◆ Provided records:
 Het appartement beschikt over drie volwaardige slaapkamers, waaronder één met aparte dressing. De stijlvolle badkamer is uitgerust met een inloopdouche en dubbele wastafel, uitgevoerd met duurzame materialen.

--

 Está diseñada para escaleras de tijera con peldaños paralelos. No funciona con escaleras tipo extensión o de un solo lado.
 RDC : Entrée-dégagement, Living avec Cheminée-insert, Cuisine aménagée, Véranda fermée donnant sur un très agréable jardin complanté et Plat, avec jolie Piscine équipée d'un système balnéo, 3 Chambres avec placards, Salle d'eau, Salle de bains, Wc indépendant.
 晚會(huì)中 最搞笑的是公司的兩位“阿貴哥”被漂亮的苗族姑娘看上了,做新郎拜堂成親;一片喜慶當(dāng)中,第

◆ Exercise directions: The range runs from the line above containing "RDC : Entrée-dégagement, Living" to the line containing "晚會(huì)中 最搞笑的是", inclusive. Restate those lines word for word and no others.

◆ Output of the exercise:
 RDC : Entrée-dégagement, Living avec Cheminée-insert, Cuisine aménagée, Véranda fermée donnant sur un très agréable jardin complanté et Plat, avec jolie Piscine équipée d'un système balnéo, 3 Chambres avec placards, Salle d'eau, Salle de bains, Wc indépendant.
 晚會(huì)中 最搞笑的是公司的兩位“阿貴哥”被漂亮的苗族姑娘看上了,做新郎拜堂成親;一片喜慶當(dāng)中,第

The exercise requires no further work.